What is needed is an exact reproduction of the lines from the one that contains "Henry was the" through the end of the data, both included and nothing else, with pictures omitted.

- [DATASET CONTENT]
»»

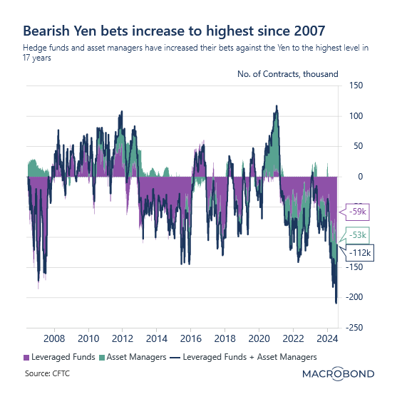 We highlighted this risk in one of our newsletters last month, where we discussed the largest bearish positioning in JPY since 2007.
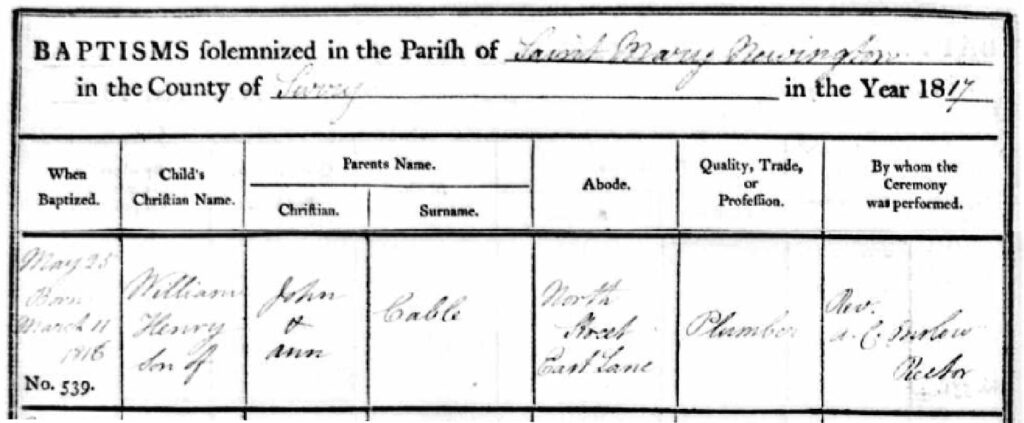 Henry was the first of a very large number of children born to John and Ann Maria Cable. Their second child, also a son, was born on 11th March 1816 and was baptised the following year, on 25th May 1817. He was named WILLIAM HENRY CABLE. John Cable’s occupation was recorded as ‘Plumber‘. At this time the family lived at North Street, East Lane. The baptism took place at St Mary Church in Newington.
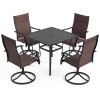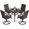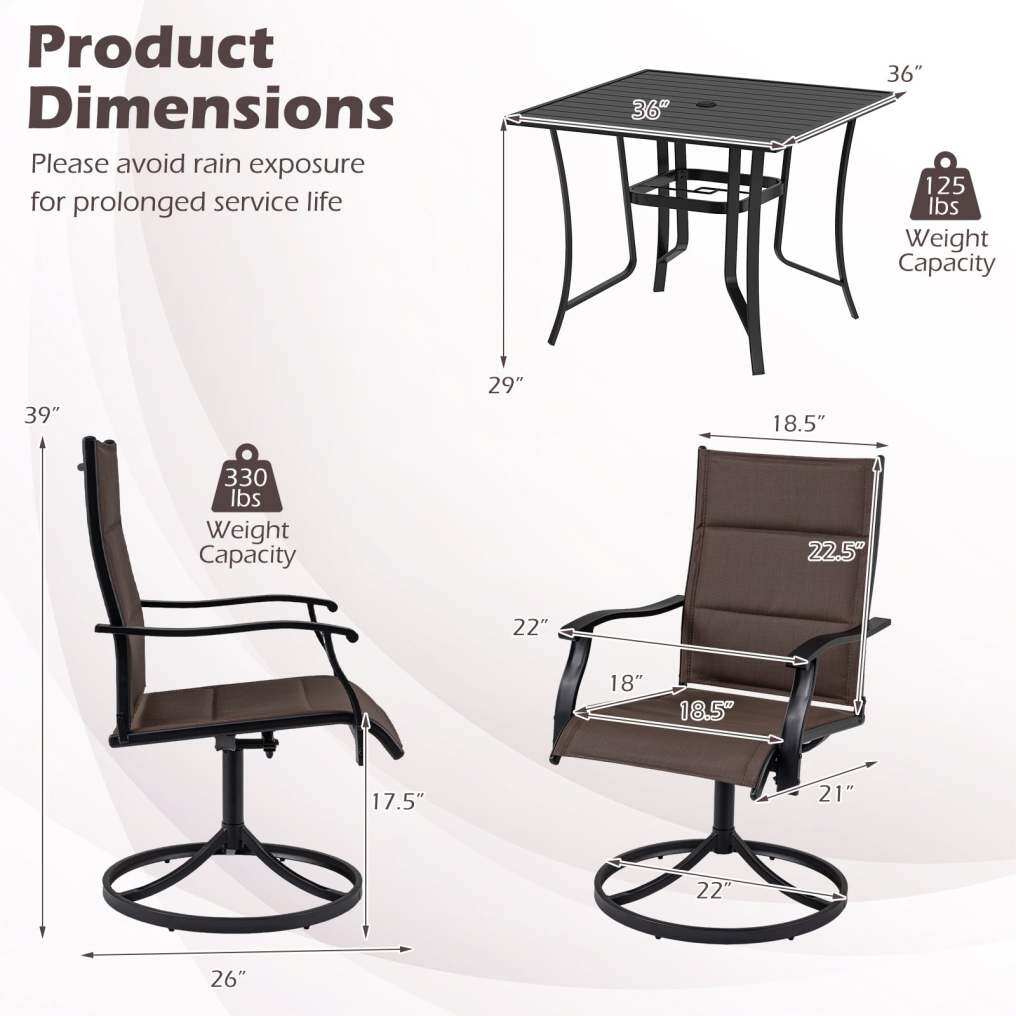 ● 360 Degree Swivel Chairs: This swivel chairs and patio table set includes 360-degree swivel seats with a gentle 15-degree rocking motion, offering flexibility and ease. These features allow guests to engage in conversation without the need to reposition their chairs manually, enhancing the overall dining and social experience.

««

- [OUTPUT OF THE TASK]
 Henry was the first of a very large number of children born to John and Ann Maria Cable. Their second child, also a son, was born on 11th March 1816 and was baptised the following year, on 25th May 1817. He was named WILLIAM HENRY CABLE. John Cable’s occupation was recorded as ‘Plumber‘. At this time the family lived at North Street, East Lane. The baptism took place at St Mary Church in Newington.
 ● 360 Degree Swivel Chairs: This swivel chairs and patio table set includes 360-degree swivel seats with a gentle 15-degree rocking motion, offering flexibility and ease. These features allow guests to engage in conversation without the need to reposition their chairs manually, enhancing the overall dining and social experience.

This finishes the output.